Regex Scanner

This scanner is designed to sanitize outputs based on predefined regular expression patterns. It offers flexibility in defining patterns to identify and process desirable or undesirable content within the outputs.

How it works

The scanner operates with a list of regular expressions, patterns. These patterns are used to identify specific formats, keywords, or phrases in the output.

Matching Logic: The scanner evaluates the output against all provided patterns.
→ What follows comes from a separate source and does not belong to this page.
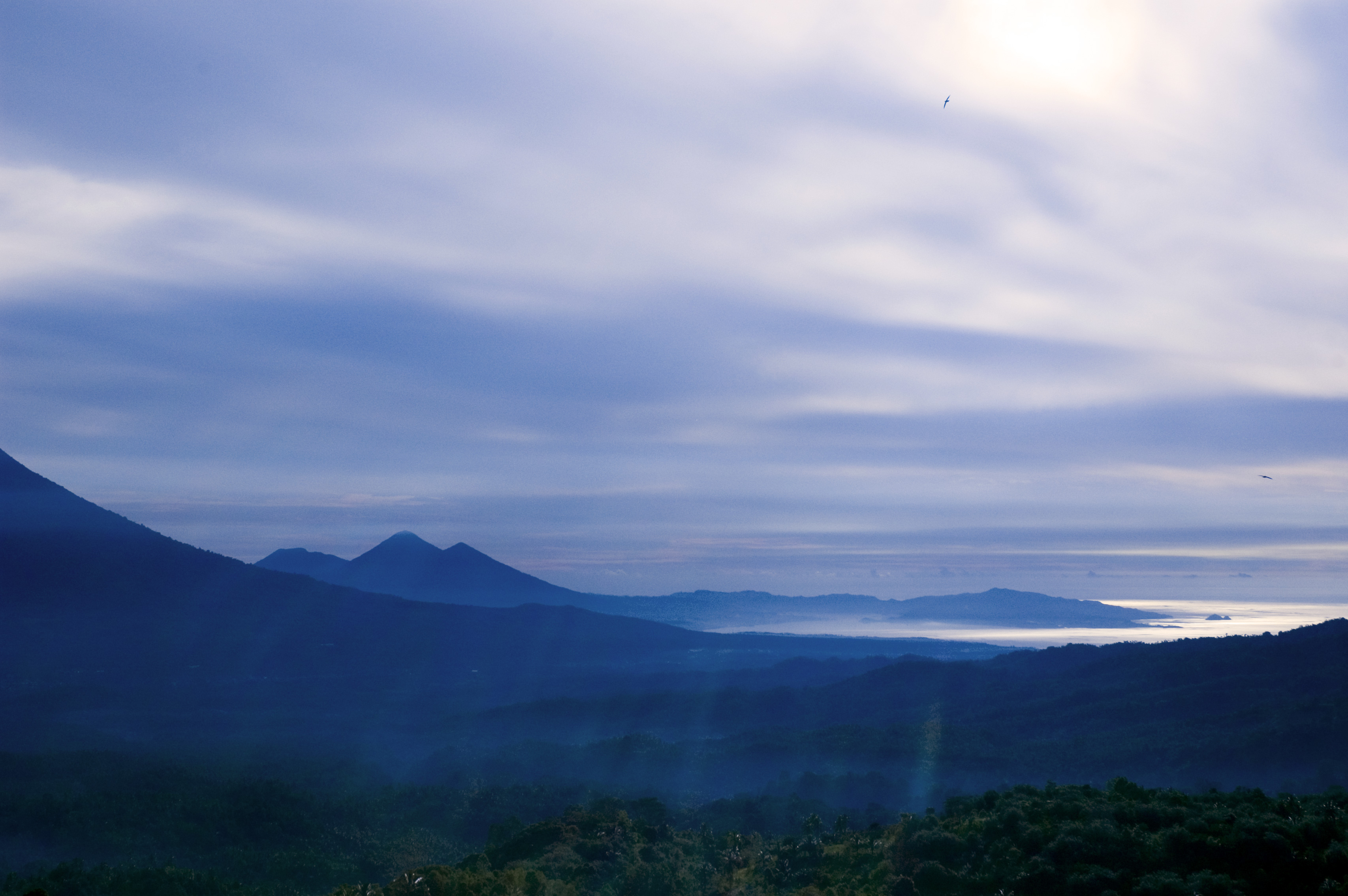 View of Tondano Lake from Rurukan, North Sulawesi

If any pattern matches, the corresponding action (redaction or validation) is taken based on the is_blocked flag.
Redaction: If enabled, the scanner will redact the portion of the output that matches any of the patterns.

Usage

from llm_guard.output_scanners import Regex
from llm_guard.input_scanners.regex import MatchType

# Initialize the Regex scanner
scanner = Regex(
    patterns=[r"Bearer [A-Za-z0-9-._~+/]+"],  # List of regex patterns
    is_blocked=True,  # If True, patterns are treated as 'bad'; if False, as 'good'
    match_type=MatchType.SEARCH,  # Can be SEARCH or FULL_MATCH
    redact=True,  # Enable or disable redaction
)

# Scan an output
sanitized_output, is_valid, risk_score = scanner.scan(prompt, output)

In the above example, replace r"Bearer [A-Za-z0-9-._~+/]+" with your actual regex pattern. The is_blocked parameter determines how the patterns are treated. If is_blocked is True, any pattern match marks the output as invalid; if False, the output is considered valid if it matches any of the patterns.

Benchmarks

Run the following script:

python benchmarks/run.py output Regex

This scanner uses built-in functions, which makes it fast.